╭─ Supplied information
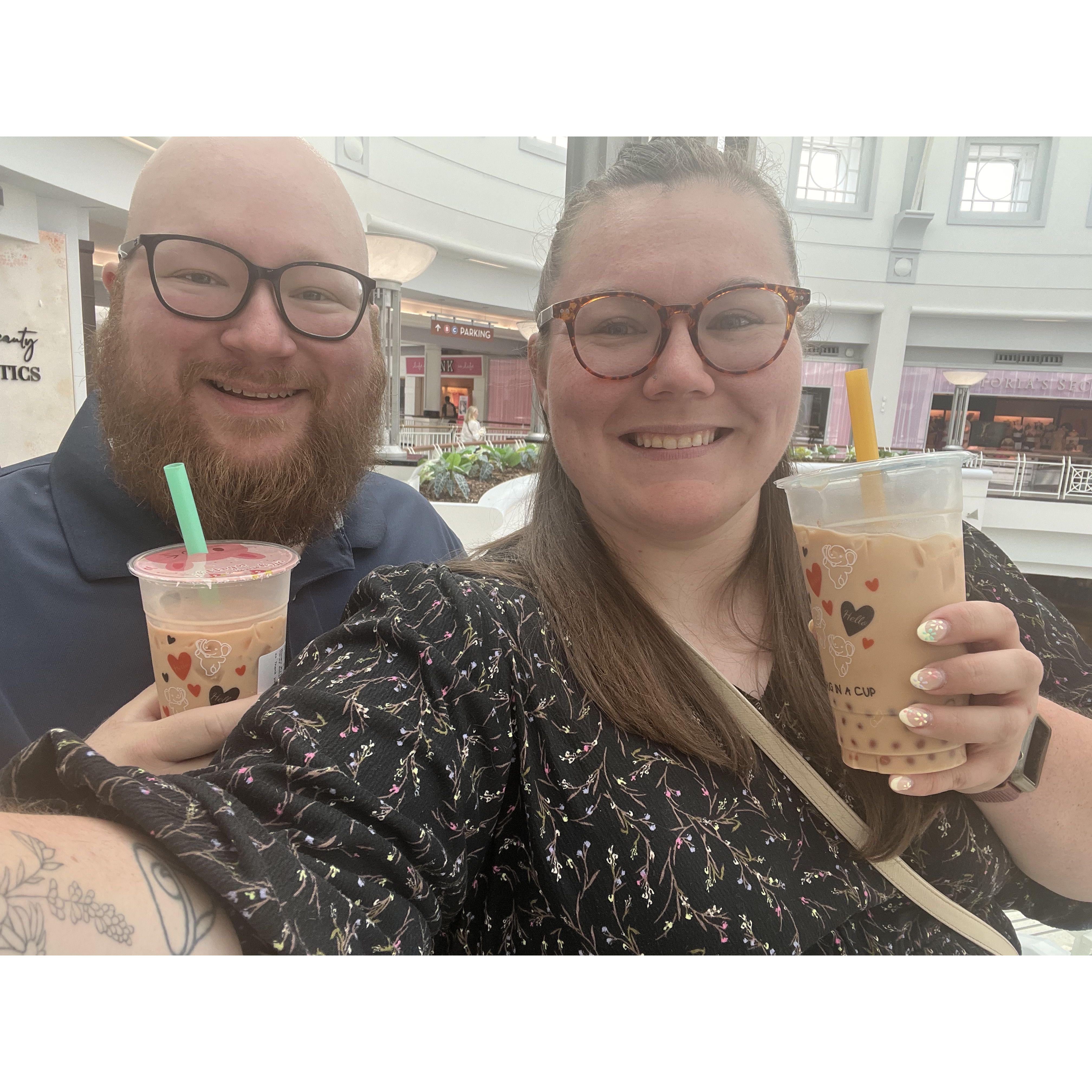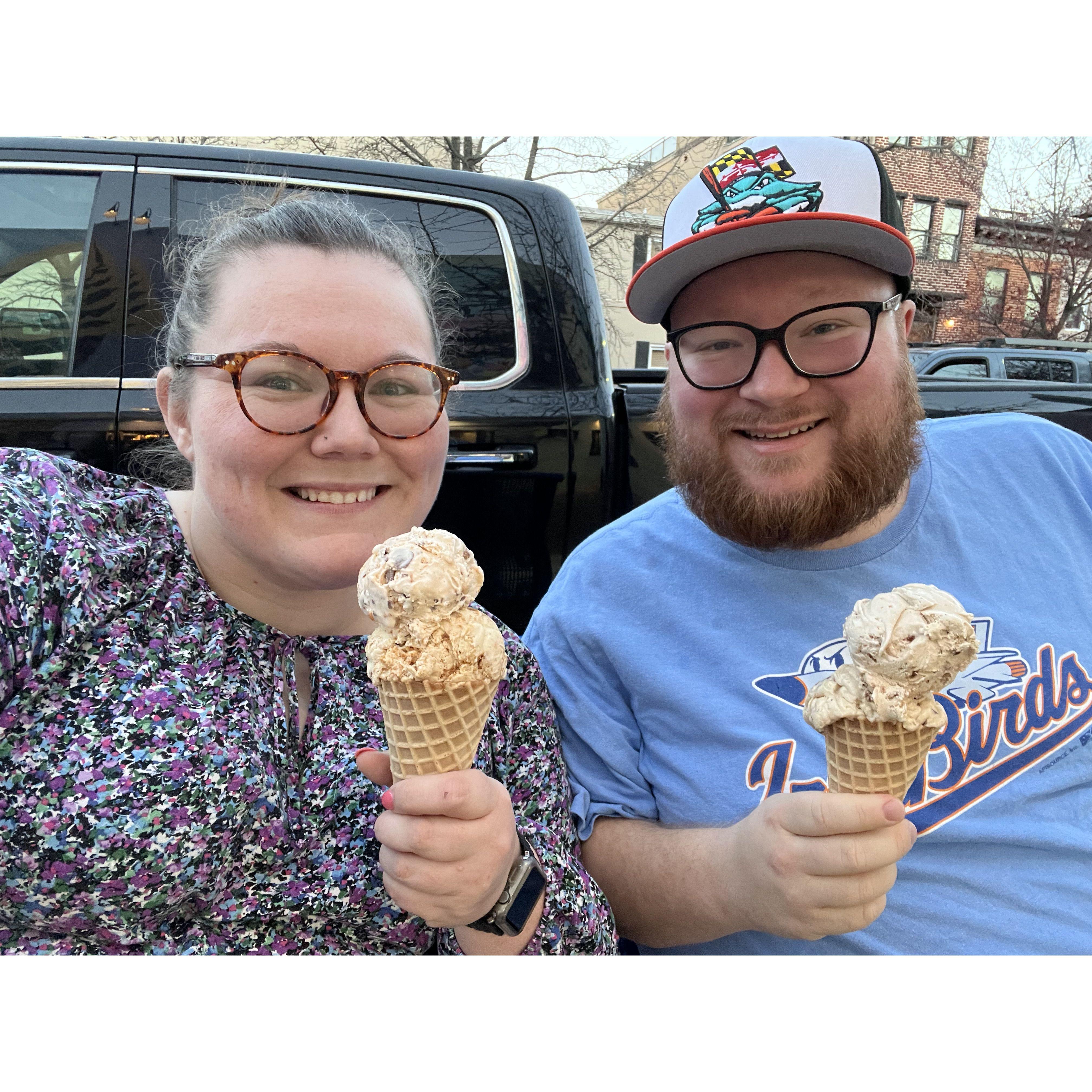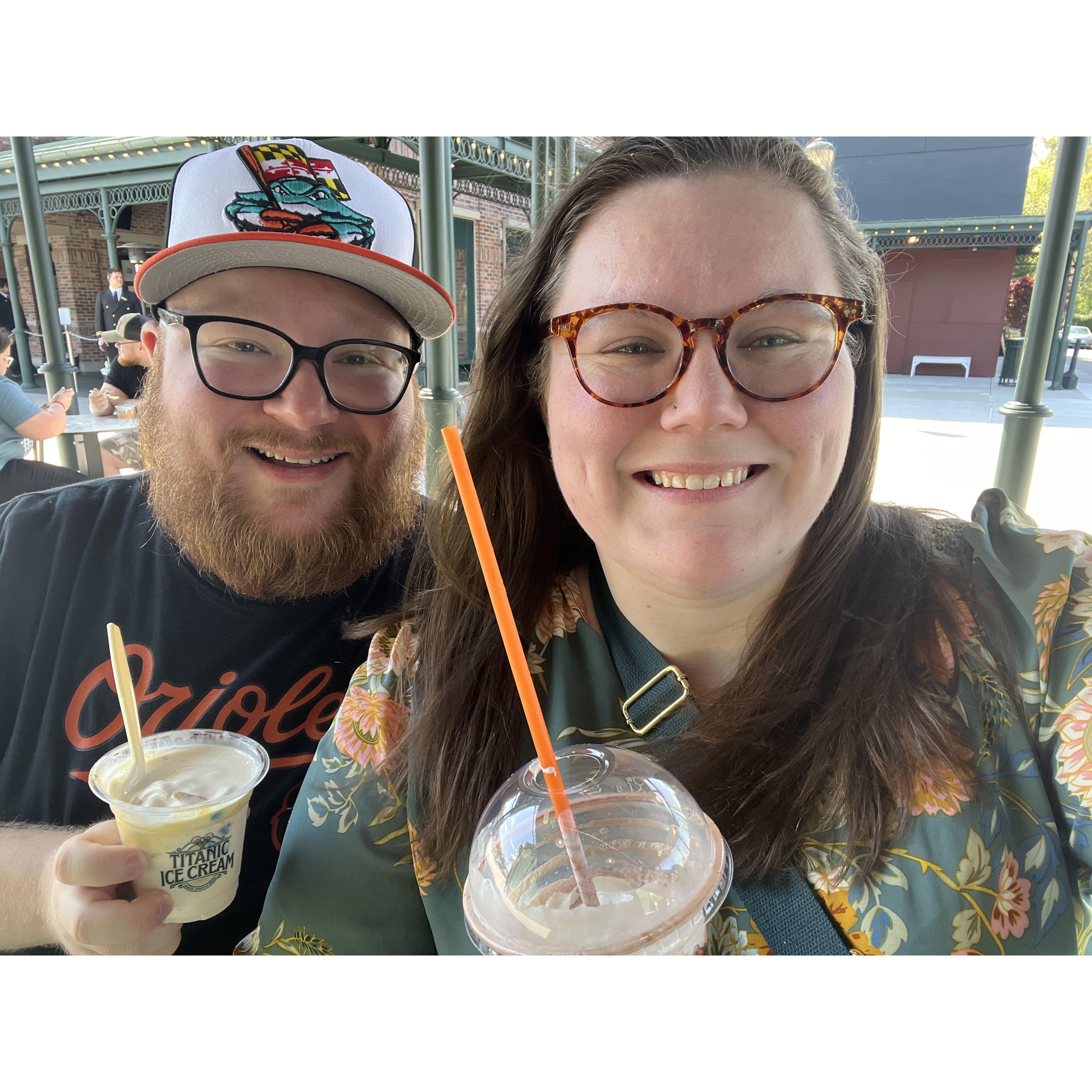 At our favorite place - Slainte Irish Pub in Fells Point. Fun fact this was where we had our first date.
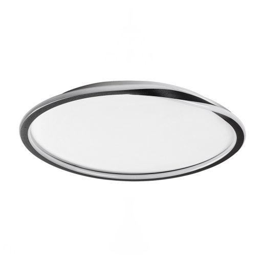 Fekete színű fém vázas mennyezeti lámpa fehér színű szilikon betétes, elől csavart búrával, természetes fehér színhőmérsékletű beépített LED fényforrással.
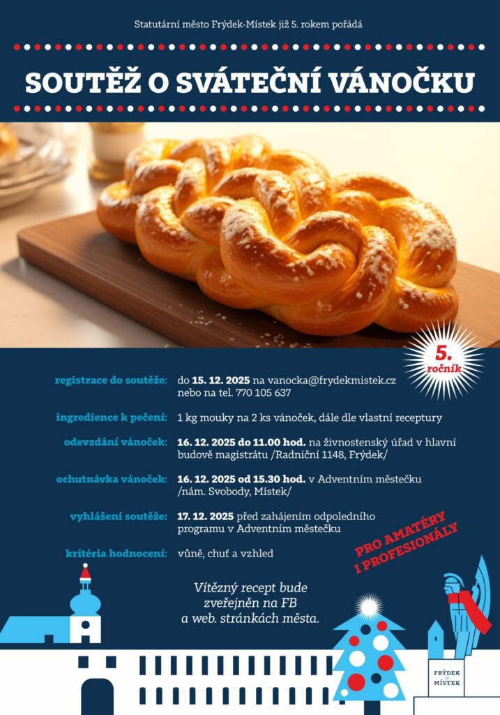 „Soutěžit může doslova každý – nejen amatérští, ale i profesionální kuchaři a pekaři. Stačí se do pondělí 15. prosince 2025 zaregistrovat prostřednictvím e-mailu vanocka@frydekmistek.cz nebo na telefonním čísle 770 105 637. Podmínkou je odevzdání dvou vánoček upečených dohromady z jednoho kilogramu mouky a poskytnutí receptu,“ připomněl pravidla náměstek primátora pro životní prostředí a zemědělství, územní plánování a rozvoj, stavebně správní činnosti, ekonomický rozvoj a podnikání a dotace a integrované teritoriální investice Lukáš Slíva (SPOLU).
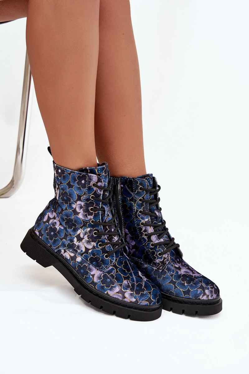 Botki Damskie Ocieplane W Kwiaty Artiker 57C1052 Granatowe
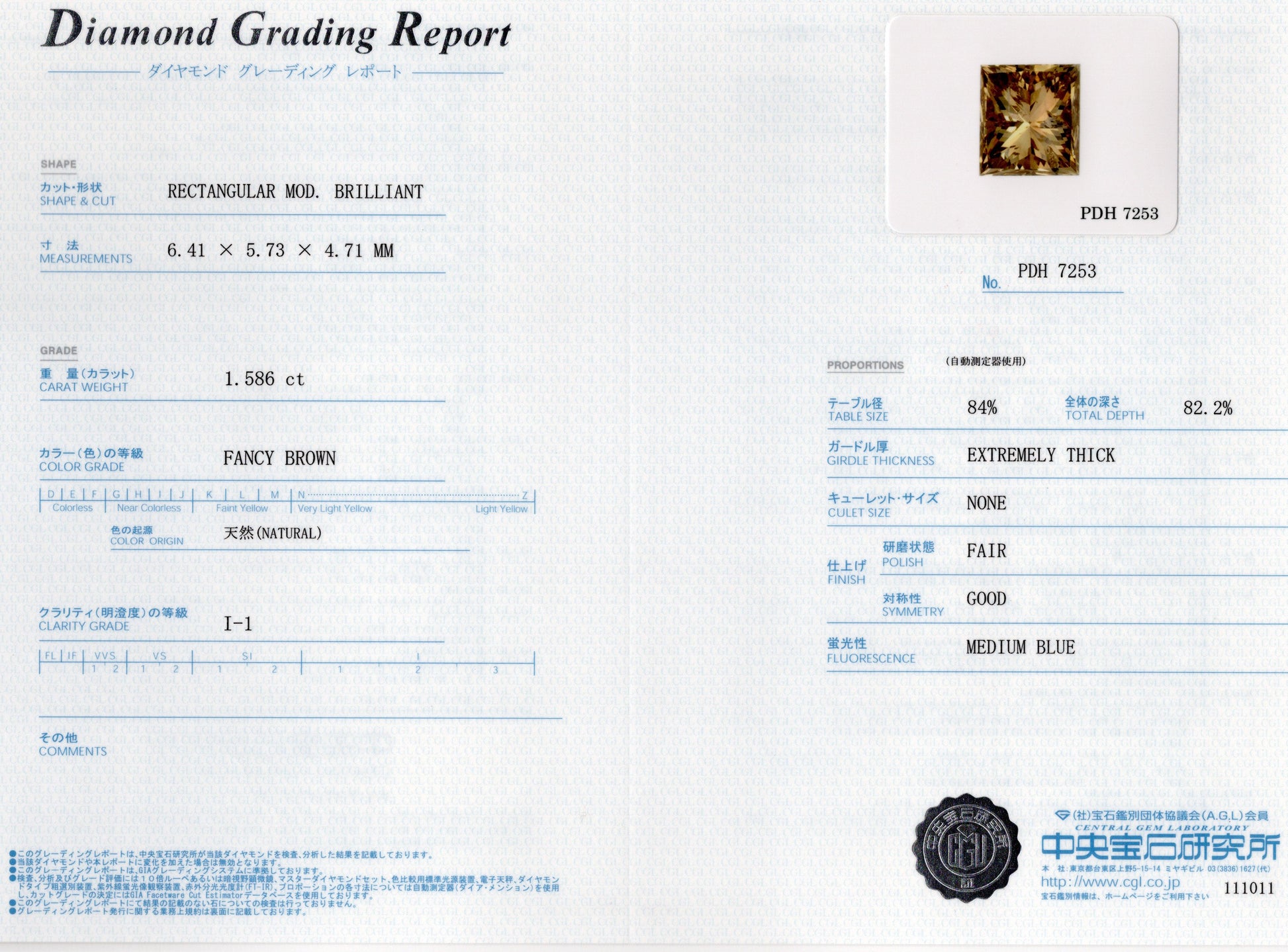 ファンシーブラウンダイヤモンド レクタンギュラモディファイドブリリアント 1.586ct
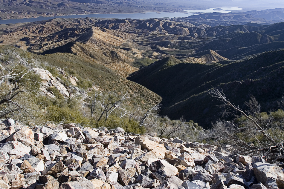 Saguaros to Snowballs by joebartels OverviewFrom the Oak Flat Trailhead (3650 ft) head 1.65mi to the northern section of the Four Peaks Trail #130 (5400 ft). Head south on #130 for 4.65mi to the Chillicut Trail #132 junction on the north-northwestern flank of Buckhorn Mountain. From the 130/132 junction (5725ft) head down 5.4mi to Rock Creek Trailhead (2850 ft). Setup We did this hike as a shuttle hiking counterclockwise. You could hike the 3mi of road. Keep in mind that adds 800ft elevation gain. A clockwise attempt would be a more difficult task, physically and mentally.
╰─
The response is to contain exactly the lines from the beginning of the data through the line containing "ファンシーブラウンダイヤモンド レクタンギュラモディファイドブリリアント 1.586ct", both ends included, and nothing else; omit the pictures.

## Written answer
 At our favorite place - Slainte Irish Pub in Fells Point. Fun fact this was where we had our first date.
 Fekete színű fém vázas mennyezeti lámpa fehér színű szilikon betétes, elől csavart búrával, természetes fehér színhőmérsékletű beépített LED fényforrással.
 „Soutěžit může doslova každý – nejen amatérští, ale i profesionální kuchaři a pekaři. Stačí se do pondělí 15. prosince 2025 zaregistrovat prostřednictvím e-mailu vanocka@frydekmistek.cz nebo na telefonním čísle 770 105 637. Podmínkou je odevzdání dvou vánoček upečených dohromady z jednoho kilogramu mouky a poskytnutí receptu,“ připomněl pravidla náměstek primátora pro životní prostředí a zemědělství, územní plánování a rozvoj, stavebně správní činnosti, ekonomický rozvoj a podnikání a dotace a integrované teritoriální investice Lukáš Slíva (SPOLU).
 Botki Damskie Ocieplane W Kwiaty Artiker 57C1052 Granatowe
 ファンシーブラウンダイヤモンド レクタンギュラモディファイドブリリアント 1.586ct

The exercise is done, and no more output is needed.